1744-01-07, de Gabrielle Émilie Le Tonnelier de Breteuil, marquise Du Châtelet-Lomont à Johann Bernoulli.

I'ay apris Monsieur par mr de Maupertuis que v͞s étiés marié, quoique ie sois vn peu fâchée d'auoir apris cet Evénem͞t par vn autre que par vous.
Ie n'i prens pas moins de part et ie v͞s prie d'être persuadé que i'en prendrai toujours infinim͞t à tout ce qui v͞s ariue. Ie crois que mr de Voltaire v͞s enuoie ce qu'il a eü la bonté de faire p͞r acompagner mon portrait. Ie suis bien honteuse de tout le bien qu'il y dit de moi, et ie le suis surtout de le mériter si peu. Oserais je v͞s prier d'y faire ajourter que i'enuoiai en 1738 à l'académie vne dissertation sur la nature et la propagation du feu, que l'académie eut la bonté de faire imprimer auec les pièces qui auoient remporté le prix, et qu'en 1741 j'eus vne disputte publique auec mr de Mairan au sujet des forces viues que ie soutenois contre ce philosophes, et que les pièces de cette disputte qui consistent en la lettre de mr de Mairan et ma réponse furent imprimées, la lettre de m. de Mairan à Paris, et ma réponse à Bruxelles où i'étois alors. Ie n'ai pas osé demander à m. de Voltaire d'entrer dans ces détails, mais il me semble qu'ils sont nécessaires, et que c'est cela surtout que le public est curieux de sauoir.
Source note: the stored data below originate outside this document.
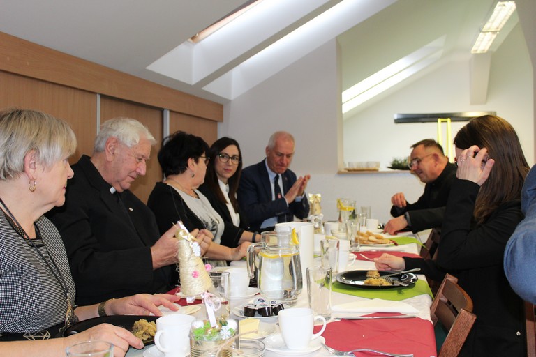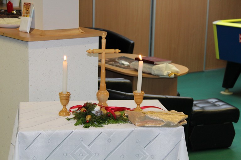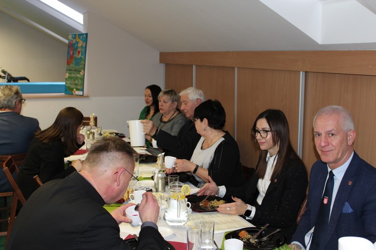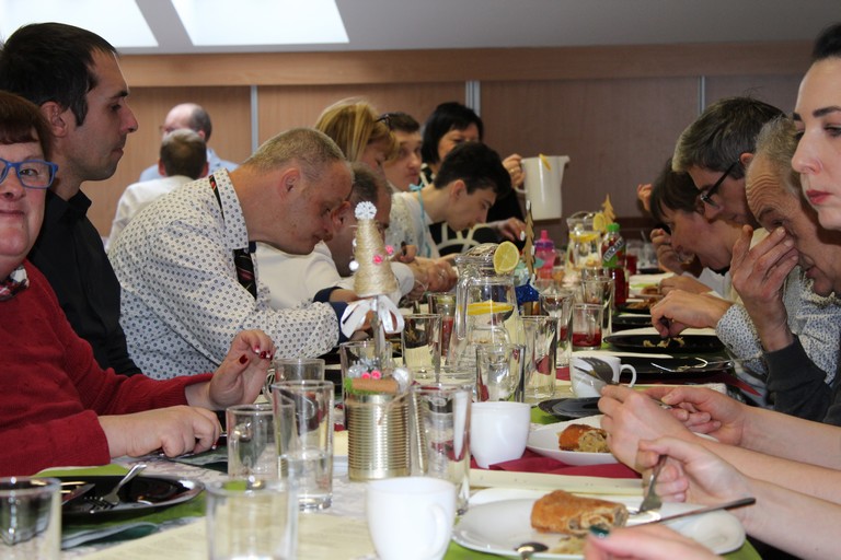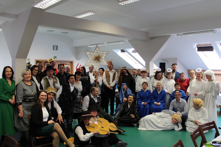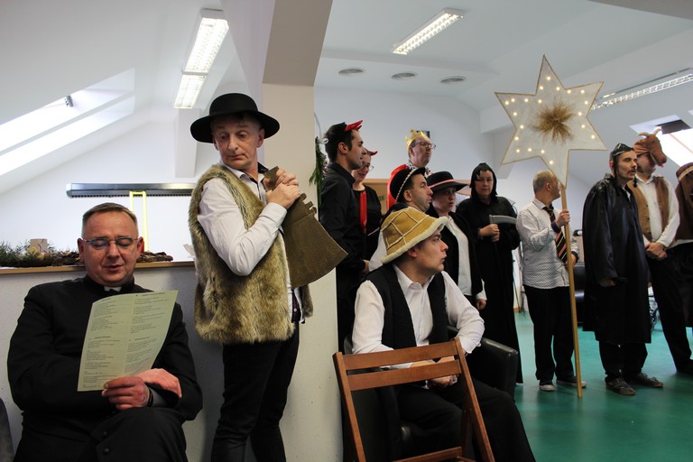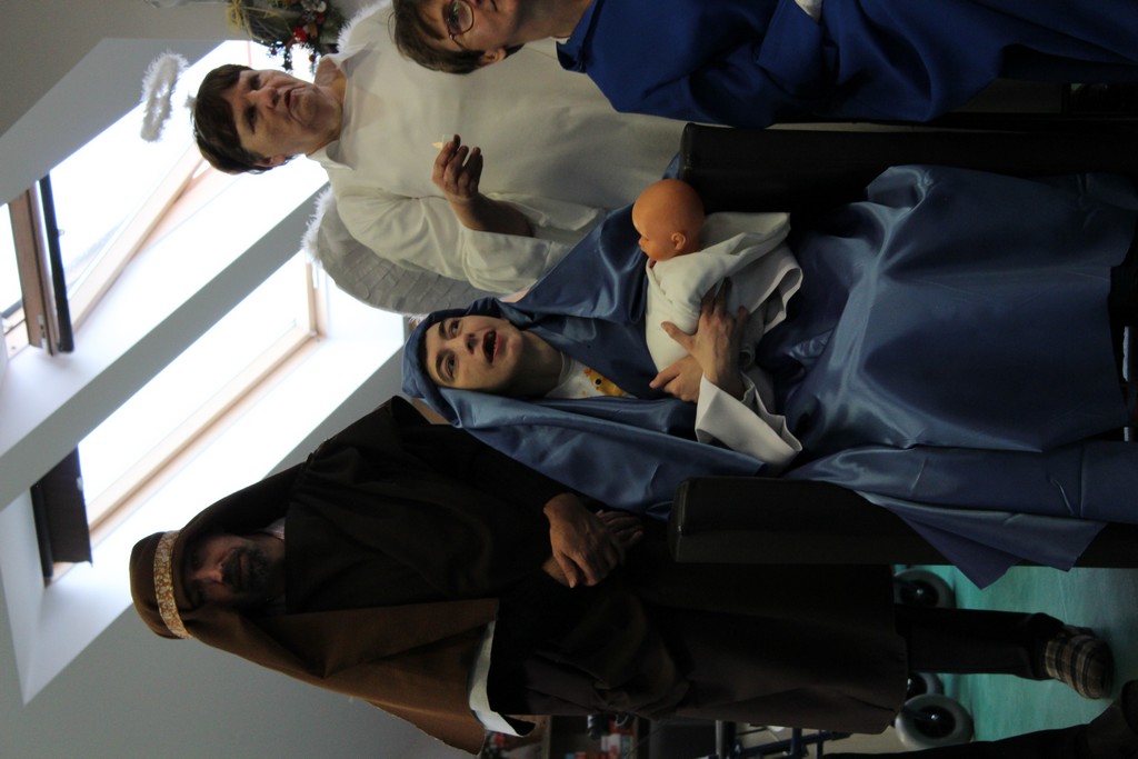 W poniedziałek pani Beata przeprowadziła test wiedzy o zdrowiu i sporcie, podczas którego podzieleni na 3 drużyny: atletów, żeglarzy i pływaków, rozwiązywaliśmy różnego rodzaju tematyczne quizy i zagadki. Wtorek był dniem przygotowania duchowego poprzez spowiedź, której udzielił nam nasz proboszcz ks. Dobroń. Tego dnia obejrzeliśmy również film opowiadający świąteczną historię, oraz przygotowywaliśmy świąteczne potrawy. Środa była czasem największych przygotowań do wigilijnego spotkania. Ustawiliśmy stoły oraz nakryliśmy je, przygotowaliśmy potrawy, odbyliśmy próbę generalną świątecznego przedstawienia. Tego dnia podsumowaliśmy także grudniowe konkursy zorganizowane w ramach programu Rady Domu takie jak : „Jesień w moich oczach” oraz „Świąteczne tradycje – kartka bożonarodzeniowa”. W czwartek, dzień Wigilii w naszym Domu spotkaliśmy się przy wspólnym stole. Na uroczystość przybyli także zaproszeni goście w osobach pani Haliny Florek – członkini Zarządu Powiatu Leszczyńskiego oraz Fundacji „Jesteśmy – więc pomagamy”, pana Roberta Kasperczaka – Wójta Gminy Włoszakowice, pani Karoliny Chlebowskiej – Sekretarz Gminy Włoszakowice, ks. proboszcza Zbigniewa Dobronia, ks. kan. Andrzeja Szulca, pani Marioli Żołędziejewskiej – byłej kierownik ŚDS oraz pani Magdaleny Spławskiej – przedstawicielki Rady Rodzin. Uroczystość rozpoczęła się od powitania wszystkich przybyłych przez panią kierownik, po czym ks. proboszcz Zbigniew Dobroń odprawił krótkie nabożeństwo. Następnie pani kierownik oraz pan Wójt złożyli wszystkim życzenia świąteczne, a po krótkiej modlitwie wszyscy zasiedli do stołu. Kolejnym punktem programu było przedstawienie „Kolędnicy” w wykonaniu grupy uczestników i kadry ŚDS przygotowanych przez p. Aleksandrę Zając z aktywnym udziałem wszystkich zebranych, którzy mieli okazję pośpiewać razem z kolędnikami. Spotkanie zwieńczyła wspólna kawa przy cieście przygotowanym przez uczestników ŚDS, rodziców i opiekunów. Wszyscy goście w podziękowaniu za to, że znaleźli czas, by być z nami w tak szczególnym dniu otrzymali drobny upominek w postaci ręcznie wykonanych podczas terapii makramowych ozdób na choinkę.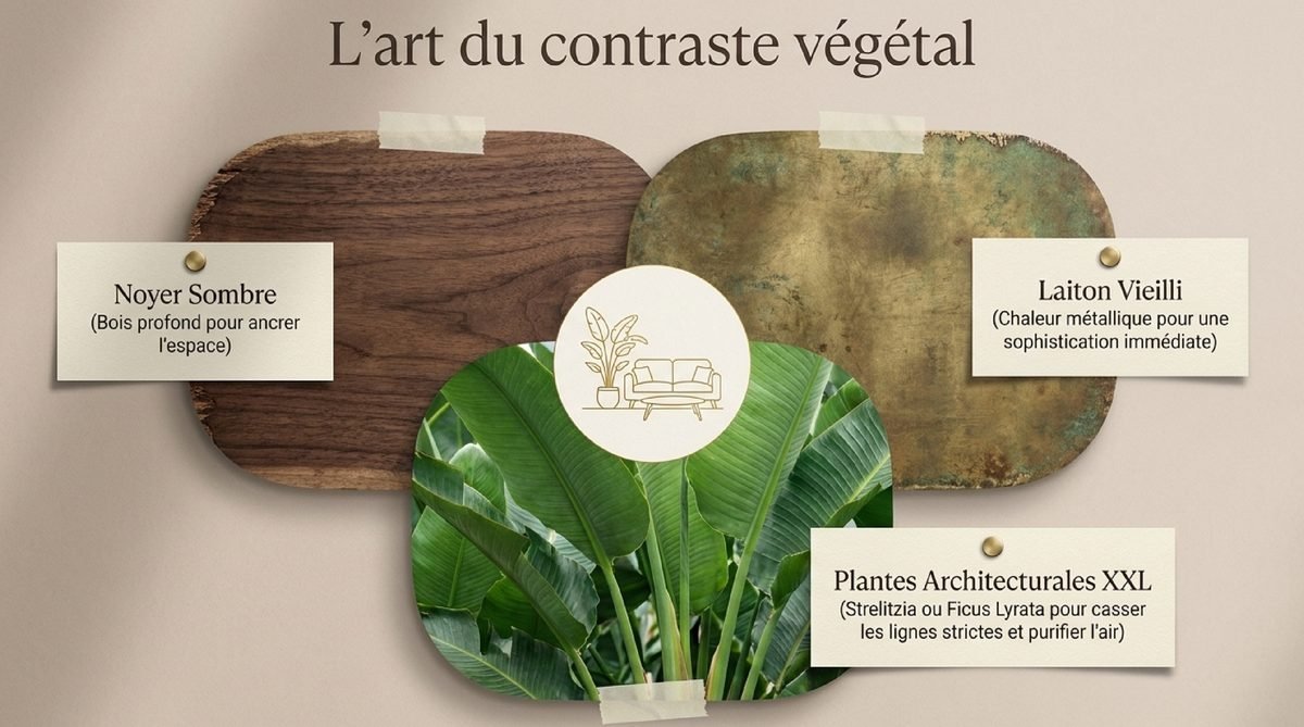 Adopter le vert botanique ne se limite pas à la peinture. C’est toute une philosophie d’aménagement qui se met en place. Les plantes d’intérieur XXL font leur grand retour, non plus comme de simples accessoires, mais comme de véritables éléments architecturaux. Un grand Strelitzia ou un Ficus Lyrata majestueux placé dans un coin stratégique du salon vient casser les lignes strictes de la pièce. Ces éléments vivants purifient l’air et apportent une dynamique visuelle sans pareille.
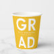 Personalisierte Abschluss-Papiertassen mit "Grad" in fett weißer Schrift mit gelbem Hintergrund oder Farbe Ihrer Wahl. Personalisieren Sie die Papiertassen des Abschlusses, indem Sie den Namen des Absolventen und das Abschluss Jahr. Die gelben Abschluss-Papiertassen sind sowohl für Uni-Abschluss- als auch für Highschool-Partys geeignet.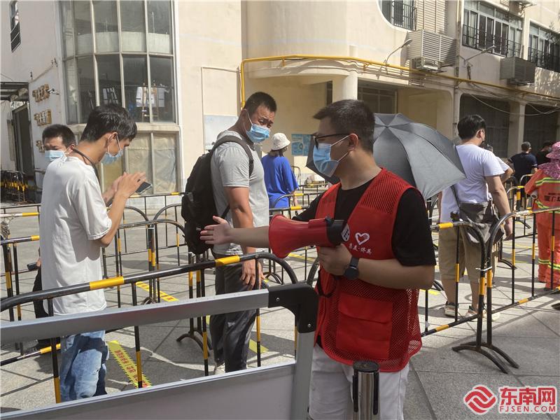 凤林美社区志愿者在维持采样点秩序(侨英街道新时代文明实践所供图)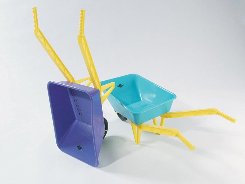 Az élénk színű, műanyag talicska egy igazán vidám kerti játék.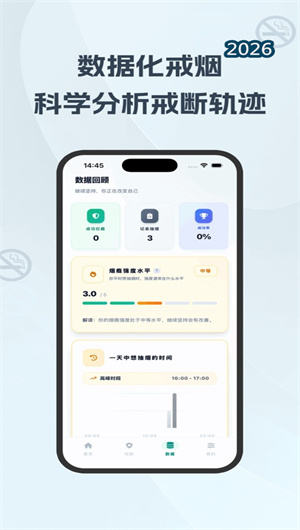 应用致力于将每一份努力都转化为可见的成就感。首页的 “成就仪表盘” 实时展示关键戒烟成效指标:累计无烟时长、成功拦截冲动次数、因戒烟而节省的金额以及避免的香烟支数。每一个数字的增长都是一次即时正向反馈。此外,周期性的 “数据回顾报告” 会对用户的 “冲动应对成功率” 与总体 “烟瘾强度水平” 进行趋势分析,用客观数据图表告诉用户:“你的尼古丁依赖度正在下降,你的自控能力在稳步增强。”这种量化进步追踪是巩固信心、防止复吸的关键。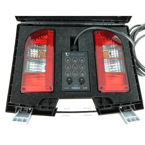 The testing unit by ERICH JAEGER simulates the functionalities of a trailer by triggering the towing vehicle’s lighting signals. The control panel of the device features control LEDs for displaying the functionality of the test lights in the carrying case. Two switches in the testing unit‘s control panel enable users to simulate a failure of the indicator lamps. Testing can be carried out by one person from the driver’s seat with a 5m connection cable.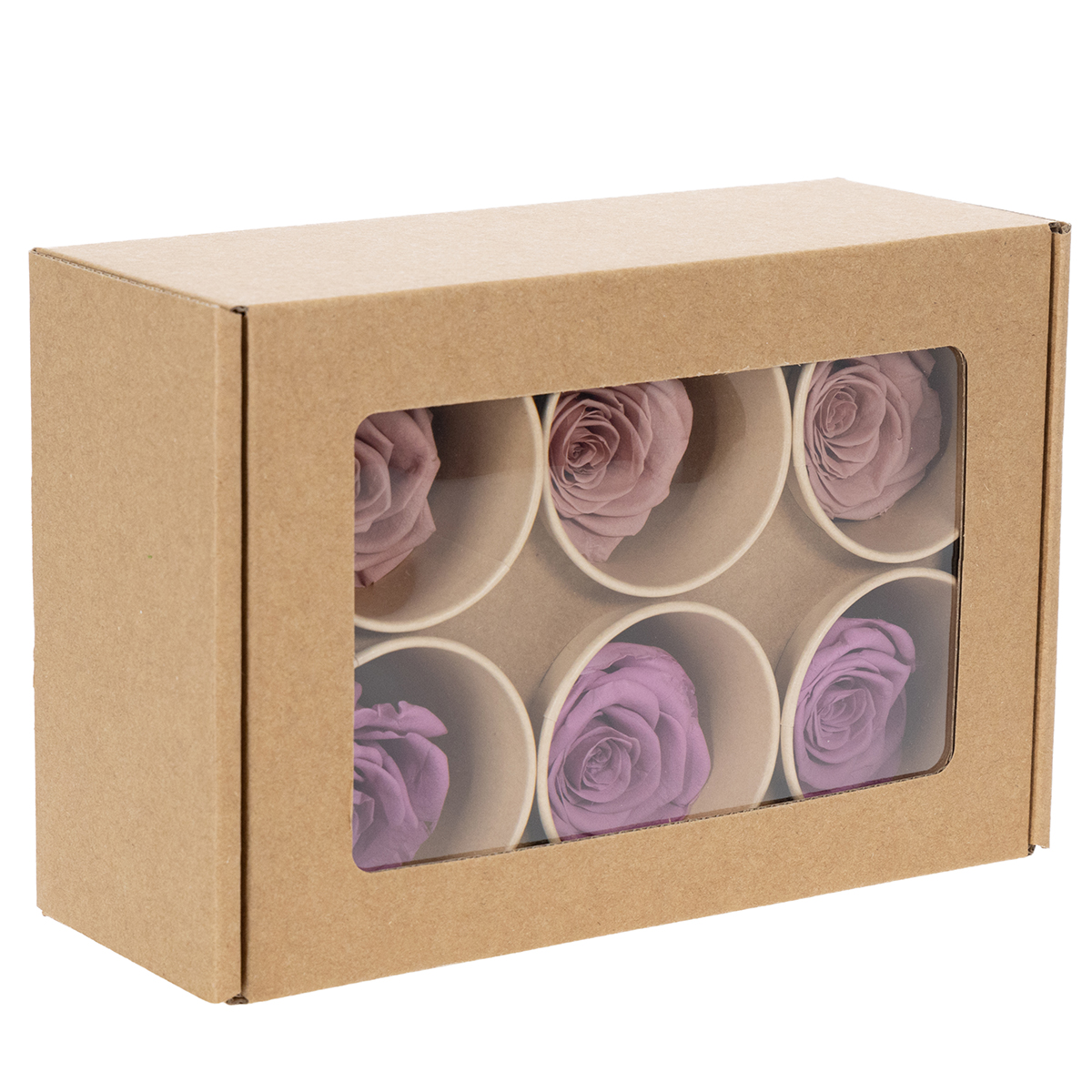 Mūsų elegantiškos alyvinės spalvos konservuotos rožės yra tikros universalios ir puikiai tinka ypatingoms akimirkoms. Gausite šešias gražias rožių galvutes, kurių kiekviena yra 4 cm skersmens ir 5 cm aukščio. Specialus konservavimo procesas užtikrina, kad rožės išlaikytų natūralią formą, spalvą ir grožį be jokios priežiūros. Nereikia laistyti, nereikia vysti – šios rožės sukurtos tarnauti amžinai. Padėkite jas kaip elegantišką pagrindinį papuošalą ant savo vestuvių stalo, naudokite jas kūrybiniams rankdarbių projektams arba padovanokite kaip romantišką jubiliejaus dovaną. Šiltas alyvinis atspalvis spinduliuoja magiška ramybe ir gražiai papildo modernias dekoracijas ar vintažinio stiliaus akcentus.
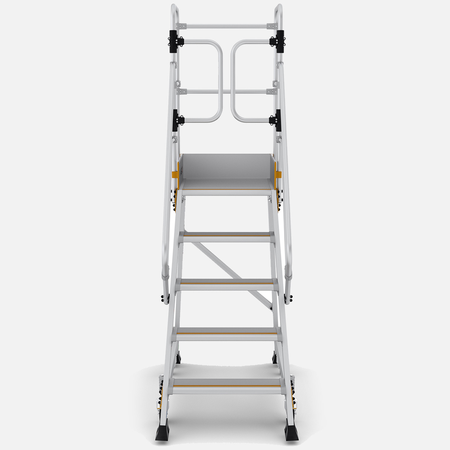 SPRINGO platformları, TÜV-SÜD EN 131-7 Kalite Sertifikasına sahiptir. Uzun süreli işlerinizde çalışma verimliliğinizi arttıran ergonomik ürünlerdir. Sağlam ve uzun ömürlüdür. 110 cm yüksek korkululukları ve emniyetli, sadece içeri açılan yaylı kapısı da güvenli çalışmanın konforunu sağlayan önemli unsurlardır.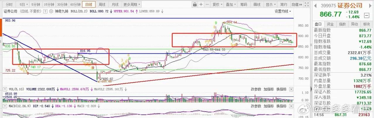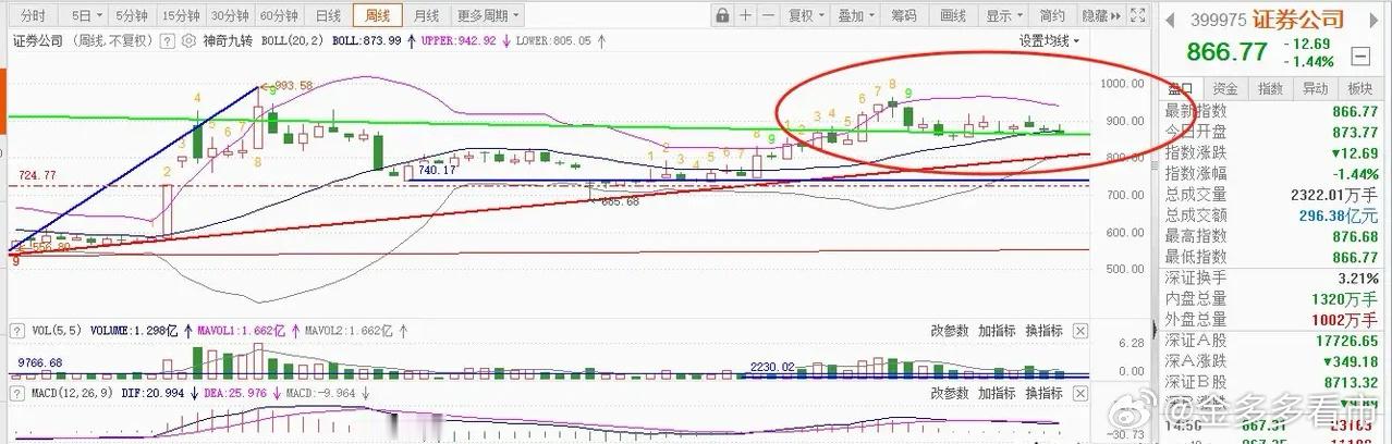 “证券板块将迎来格局重塑,板块估值修复可期”,这是众多投资者一致公认的结果。目前,证券板块估值仍处于历史相对的地位,PB只有1.51,处于正常区域内,低于历史57.24%的时间;证券行业资产收益率稳步攀升,2025年三季度达到了7.80%且2026年依然有稳步提升的可能。站在当下时间的节点,随着流动性的继续改善、利好性政策的出台,券商估值有望随市场改善而进一步的提升。所以,若证券板块下周出现了急跌,即使不敢出击,首先想到的,不应该是害怕。从证券公司指数日K线走势图看,图中有两块很明显的区域:第一个是今年二三月份调整时构筑的震荡平台,大概位置位于769点~809点(816点)区域第二个是站在正在构筑的平台,预计将围绕845点~939点近百点区域内进行构筑。这两个平台,有一个共同的任务,即:为了反弹的更高。第一个平台,今年二三月份构筑形成,当时资金通过证券ETF共计净流入金额超百亿,现在(816点)已经形成了坚定的支撑能力;第二个平台,正在构筑,资金通过证券ETF实现净流入金额超500个亿,若这个中枢平台完成构筑,近百点的震荡空间必将形成新的跳板。所以,在跌破90日线支撑之后,下一个支撑(120日线)不管会不会到达,都不应该被解释为风险。从周K线走势图看,趋势没破,这周守住了趋势,虽没能形成止跌,但不能排除有止跌的迹象。所以,下周,甚至未来的三周时间内,能不能形成“大底”,是非常值得期待的。对美好生活的向往,对股市稳中有进的追求,一定不要丢失信心。未来若有牛市,或A股继续走牛,证券板块的上涨,是不可或缺的因素。早安、周末愉快,中国的大好河山,值得四处走走看看

Ie ne puis v͞s dire monsieur combien ie suis sensible aux attentions que v͞s m'aués témoigné dans cette ocasion, et combien ie désire de v͞s conuaincre que persone ne peut être plus que moi monsieur Votre très humble et très obéisante seruante

Breteüil du Chastellet

Ie v͞s prie de faire bien mes complimens à mr votre père, et de lui dire combien ie suis flatée d'être dans sa dixaine. Ne m'oubliés pas non plus auprès de mr votre frère Daniel.